### What is required
Start with the first line of the records below. Output each line exactly, ending with the one that contains "1girl ahoge alternate_hairstyle".

= = =

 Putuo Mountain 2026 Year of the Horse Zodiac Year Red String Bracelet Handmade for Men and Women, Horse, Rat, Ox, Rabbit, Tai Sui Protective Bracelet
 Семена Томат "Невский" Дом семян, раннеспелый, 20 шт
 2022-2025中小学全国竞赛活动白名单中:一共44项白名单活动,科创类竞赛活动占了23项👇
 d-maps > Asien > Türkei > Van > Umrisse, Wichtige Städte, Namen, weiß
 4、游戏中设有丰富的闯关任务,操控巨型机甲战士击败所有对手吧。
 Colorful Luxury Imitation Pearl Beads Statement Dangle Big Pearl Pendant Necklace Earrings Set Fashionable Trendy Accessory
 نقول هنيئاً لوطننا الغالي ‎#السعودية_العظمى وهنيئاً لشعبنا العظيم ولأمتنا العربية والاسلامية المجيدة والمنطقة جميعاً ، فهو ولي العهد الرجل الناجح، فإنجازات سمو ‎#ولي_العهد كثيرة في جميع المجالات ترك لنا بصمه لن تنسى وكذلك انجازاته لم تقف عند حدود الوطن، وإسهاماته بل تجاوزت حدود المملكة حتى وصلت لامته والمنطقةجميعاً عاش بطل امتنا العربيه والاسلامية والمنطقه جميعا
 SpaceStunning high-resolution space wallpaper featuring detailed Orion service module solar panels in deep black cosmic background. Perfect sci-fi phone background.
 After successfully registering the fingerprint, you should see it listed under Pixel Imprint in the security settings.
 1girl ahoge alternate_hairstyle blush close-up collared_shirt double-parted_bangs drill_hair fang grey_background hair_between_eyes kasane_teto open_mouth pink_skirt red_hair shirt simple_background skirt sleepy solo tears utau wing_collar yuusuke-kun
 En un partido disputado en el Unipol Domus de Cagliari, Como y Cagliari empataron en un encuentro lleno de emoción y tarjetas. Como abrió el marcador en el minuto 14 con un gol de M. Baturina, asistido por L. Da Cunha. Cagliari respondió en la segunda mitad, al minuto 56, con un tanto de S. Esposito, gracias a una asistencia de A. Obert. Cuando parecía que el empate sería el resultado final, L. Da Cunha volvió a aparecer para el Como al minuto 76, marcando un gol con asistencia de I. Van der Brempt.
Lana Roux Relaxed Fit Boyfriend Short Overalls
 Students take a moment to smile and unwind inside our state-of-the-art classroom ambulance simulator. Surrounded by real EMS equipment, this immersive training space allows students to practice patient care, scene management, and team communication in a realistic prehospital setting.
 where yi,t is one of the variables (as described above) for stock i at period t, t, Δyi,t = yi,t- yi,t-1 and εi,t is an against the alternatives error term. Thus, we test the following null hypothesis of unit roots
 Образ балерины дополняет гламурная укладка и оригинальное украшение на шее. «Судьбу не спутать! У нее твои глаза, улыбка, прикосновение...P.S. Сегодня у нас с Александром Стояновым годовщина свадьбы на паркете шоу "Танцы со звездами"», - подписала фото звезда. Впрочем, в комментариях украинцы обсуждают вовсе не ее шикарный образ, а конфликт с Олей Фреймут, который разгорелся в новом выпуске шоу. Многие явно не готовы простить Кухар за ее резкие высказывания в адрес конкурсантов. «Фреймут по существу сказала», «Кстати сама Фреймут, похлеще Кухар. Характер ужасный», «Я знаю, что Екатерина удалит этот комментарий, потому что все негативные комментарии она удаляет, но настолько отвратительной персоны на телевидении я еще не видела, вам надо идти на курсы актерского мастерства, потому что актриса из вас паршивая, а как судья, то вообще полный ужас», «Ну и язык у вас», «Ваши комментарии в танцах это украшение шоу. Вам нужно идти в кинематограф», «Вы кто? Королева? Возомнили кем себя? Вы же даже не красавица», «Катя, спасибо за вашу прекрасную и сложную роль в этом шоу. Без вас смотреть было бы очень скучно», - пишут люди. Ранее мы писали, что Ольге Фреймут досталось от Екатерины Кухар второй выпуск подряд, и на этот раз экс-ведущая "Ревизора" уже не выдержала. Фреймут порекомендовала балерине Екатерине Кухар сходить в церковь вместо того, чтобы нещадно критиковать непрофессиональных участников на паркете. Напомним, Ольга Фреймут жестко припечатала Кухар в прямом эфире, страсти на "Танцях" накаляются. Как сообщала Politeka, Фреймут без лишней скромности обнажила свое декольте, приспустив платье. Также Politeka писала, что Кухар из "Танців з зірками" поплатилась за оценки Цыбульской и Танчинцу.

= = =

### Task solution
 Putuo Mountain 2026 Year of the Horse Zodiac Year Red String Bracelet Handmade for Men and Women, Horse, Rat, Ox, Rabbit, Tai Sui Protective Bracelet
 Семена Томат "Невский" Дом семян, раннеспелый, 20 шт
 2022-2025中小学全国竞赛活动白名单中:一共44项白名单活动,科创类竞赛活动占了23项👇
 d-maps > Asien > Türkei > Van > Umrisse, Wichtige Städte, Namen, weiß
 4、游戏中设有丰富的闯关任务,操控巨型机甲战士击败所有对手吧。
 Colorful Luxury Imitation Pearl Beads Statement Dangle Big Pearl Pendant Necklace Earrings Set Fashionable Trendy Accessory
 نقول هنيئاً لوطننا الغالي ‎#السعودية_العظمى وهنيئاً لشعبنا العظيم ولأمتنا العربية والاسلامية المجيدة والمنطقة جميعاً ، فهو ولي العهد الرجل الناجح، فإنجازات سمو ‎#ولي_العهد كثيرة في جميع المجالات ترك لنا بصمه لن تنسى وكذلك انجازاته لم تقف عند حدود الوطن، وإسهاماته بل تجاوزت حدود المملكة حتى وصلت لامته والمنطقةجميعاً عاش بطل امتنا العربيه والاسلامية والمنطقه جميعا
 SpaceStunning high-resolution space wallpaper featuring detailed Orion service module solar panels in deep black cosmic background. Perfect sci-fi phone background.
 After successfully registering the fingerprint, you should see it listed under Pixel Imprint in the security settings.
 1girl ahoge alternate_hairstyle blush close-up collared_shirt double-parted_bangs drill_hair fang grey_background hair_between_eyes kasane_teto open_mouth pink_skirt red_hair shirt simple_background skirt sleepy solo tears utau wing_collar yuusuke-kun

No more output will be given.